補足すると、親日派は太平洋戦争の終戦を境にして力を失ったわけではなく、韓国における長い軍事独裁政権時代にも統治者に近しい立場にあり、富の不平等な蓄積を続けていた。

親日派問題が植民地時代に端を発することは事実だが、半世紀以上前に終わった問題というわけではない。その意味でも、親日派財産没収は韓国民主化運動の一部として明確に位置づけることができる。

                                                                                                                                                                                                                                                                                                                                              • -

勿論韓国の法律を元に「事後法」である断ずるだけでも反論は可能であるが、もう少し踏み込んでみる事にする。

まず「親日反民族行為者財産の国家帰属に関する特別法」は、「日本統治時代に「反民族行為者」の財産の取得が違法」であるという前提の上で成立している。
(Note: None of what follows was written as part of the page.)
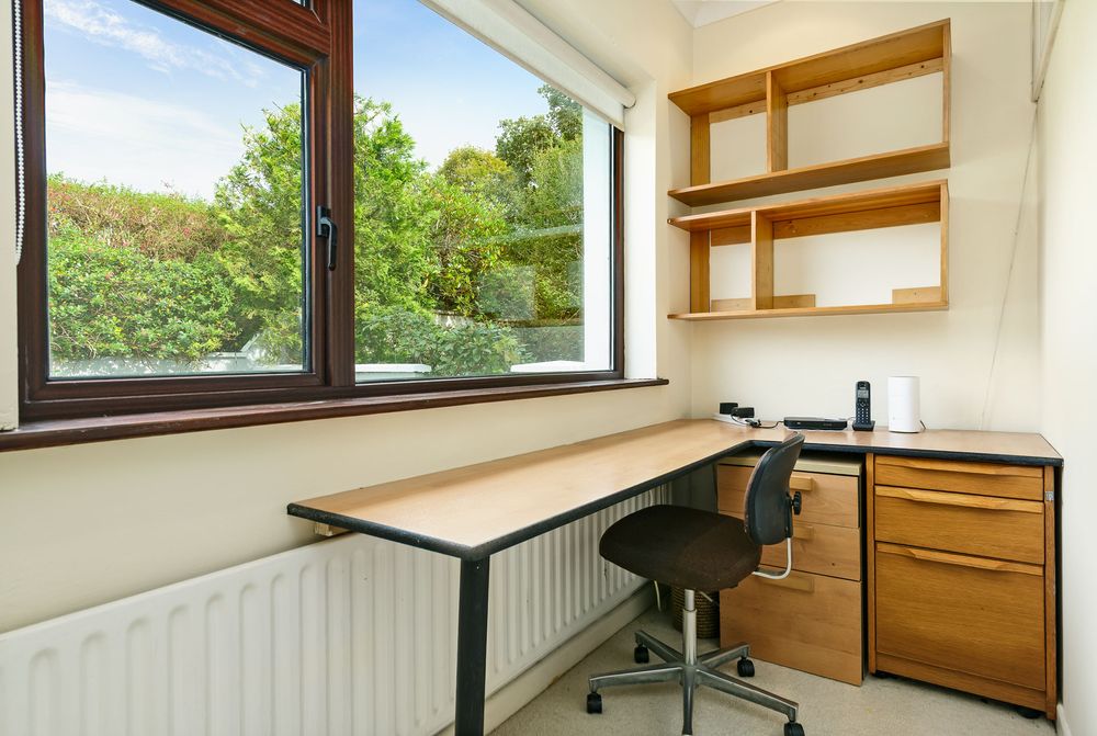 This is open plan to the private office and ensuite. This bedroom has excellent Sliderobes fitted, carpet flooring and enjoys a beautiful aspect overlooking the hills and the trees of the Deerpark. This room leads to the office area.
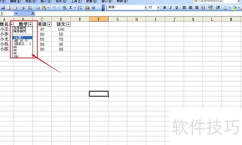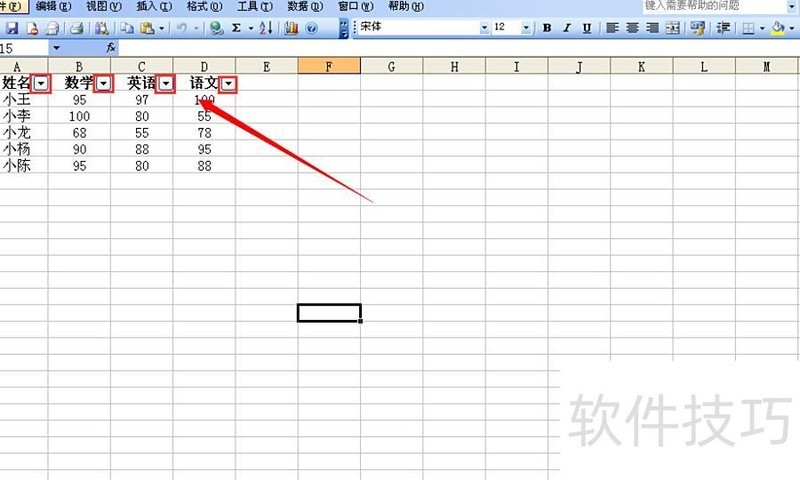 点击自动筛选后,第一行各单元格右侧会出现箭头,点击箭头可选择所需数据,表明筛选已成功设置。

そこには、日本の植民地支配そのものに関する法的解釈が介在しなければならない。要するに、韓国は日韓併合が違法である事を客観的に証明する必要があるのである(日韓併合が合法なら、当時韓国という国は存在しておらず、そこで暮らす人々も法的に当時は日本人である。「反民族行為」等と断罪出来る根拠自体が無くなるのだ)。そして韓国にとっては不本意な事だろうが、日韓併合は当時の国際法上合法である。この前提がある以上、事後法だから駄目とか以前に、極端な話日本統治されていた当時であっても「親日派」を処罰する法的根拠が無かったのだ。

韓国が日本を非難出来る根拠は「植民地」に対する道義的責任だけである。しかし下記記事で書いた通り、道義的責任で他人を批判する権利は存在しても、他人を裁く権利は存在しない。

http://d.hatena.ne.jp/syachiku1/20111030/1319978232

はっきり言ってしまえば、「親日反民族行為者財産の国家帰属に関する特別法」というのは、韓国政府が公の場で「人民裁判」を行っていると断じても良いのである。法治国家としては最もしてはならない部類の行為であると言えるだろう。